かめかめ・かめラ
北海道東・道北紀行
(北海道)
(2012/10/3-9)

【5 森林・海岸そして湿原 〜かきめし〜】

(2012/10/5)(記 2013/5/8)


   
地図 ◇ 釧路駅 ◇ 列車案内

 今朝の天気は曇っていますが、予報だとこれから晴れてくるようです。予報が当たることを期待しましょう。6時34分発の厚岸行きに乗り、厚岸まで行きます。釧路から厚岸を経て根室まで行く路線は根室本線ですが、特別に花咲線とも呼ばれています。花咲ガニで有名ですね。道内時刻表では「根室本線(愛称・花咲線)」と記載してあります。

 
釧路駅スタンプ

 スタンプ台は、釧路湿原駅の模型になっていました。スタンプはちょっと読みにくいですが「幣舞橋(ぬさまいばし)のある街・釧路  JR北海道 釧路駅」と書いてあります。

 
駅名標 ◇ 太平洋炭礦の海底炭

 太平洋炭礦は釧路に本社のある会社ですが2002年に石炭採掘事業から撤退しました。往時は釧路沖6km、海面下−600mから採掘していたのですね。現在では釧路コールマインが事業を引き継いでいます。

 
釧路駅 湿原の鐘

 ホームの東側の端には、枠組みにレールを利用した「釧路駅 湿原の鐘」がありました。これを鳴らすと幸せになれるのでしょうか。

   
厚岸行き車両

 厚岸行き列車は単行(一両)ワンマンで、固定お見合い式セミクロスシートで、トイレ付きです。シートはボックスタイプよりは座り心地がよく、窓は二重窓ですが開けることはできます。

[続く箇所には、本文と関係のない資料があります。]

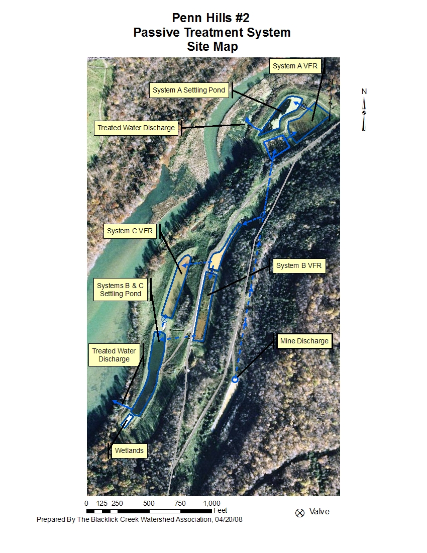 The Penn Hills #2 passive treatment system treats one of three large discharges that are tributary to the Two Lick Reservoir, located about in the middle of the Two Lick Creek subwatershed of Blacklick Creek. The owners of the Homer City Power Plant originally constructed the reservoir to ensure a reliable source of water for use at the plant. In addition to the Penn Hills #2 discharge, the Dixon Run Mine (treated by an active treatment plant) and the Penn Hills #1 Mine (currently not being treated) discharge into the reservoir. The Penn Hills #2 Mine discharge is one of the largest discharges in the Two Lick watershed. The Penn Hills #2 system was constructed through a partnership between BCWA and the Pennsylvania DEP using a combination of bond forfeiture monies and grants.
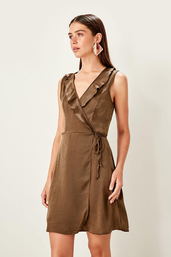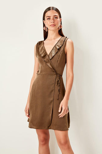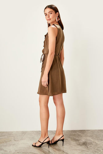 Khaki Double Breasted Collar Dress

 出発前に地図や道内時刻表を広げていると、車内点検中の運転士さんから
「おはようございます。ご旅行ですか?」と声をかけられました。
「えぇ、鉄道が好きなので、一昨日から北海道に来ています。」と返事をしました。
「どちらからですか?」
「神奈川からです。昨日は滝川から釧路まで最長鈍行に乗ってきました。」
「別保という駅を過ぎると、おそらくエゾシカが見れると思いますので、楽しみにしていてください。」
親切な運転士さんです。

 出発時の車内の乗客を数えると5人でした。武佐駅でおじさんが一人降りましたが、女子高生が一人乗って来たので5人は変わらず。地盤が軟らかいのかスピードをかなり落として走る区間もあります。

 
別保駅

 別保駅に到着しました。別保駅を出発して国道44号線に別れを告げると、原野の中を走るようになりました。頃合いを見計らって前方に移動します。


別保〜上尾幌

 「おそらく今日はエゾシカが見られると思いますよ。日中は暑いので森の中にいるのですが、朝方は出てくるんですよ」など教えてくれました。列車に衝突することもあるようです。昨日の古瀬駅での運転士さんとの会話を思い出しました。衝突が軽ければ動物は逃げて行くのですが、列車の運行に支障が出る場合もあり、その時は運転士が動物を移動させて運行を続けるようです。クマの場合は群れで行動し、襲われると命の危険もあるため、クマの移動には保線員とともにハンターに出動を依頼するのだそうです。JR北海道の列車と動物との接触の約7割が釧路〜根室の花咲線で起きているそうです。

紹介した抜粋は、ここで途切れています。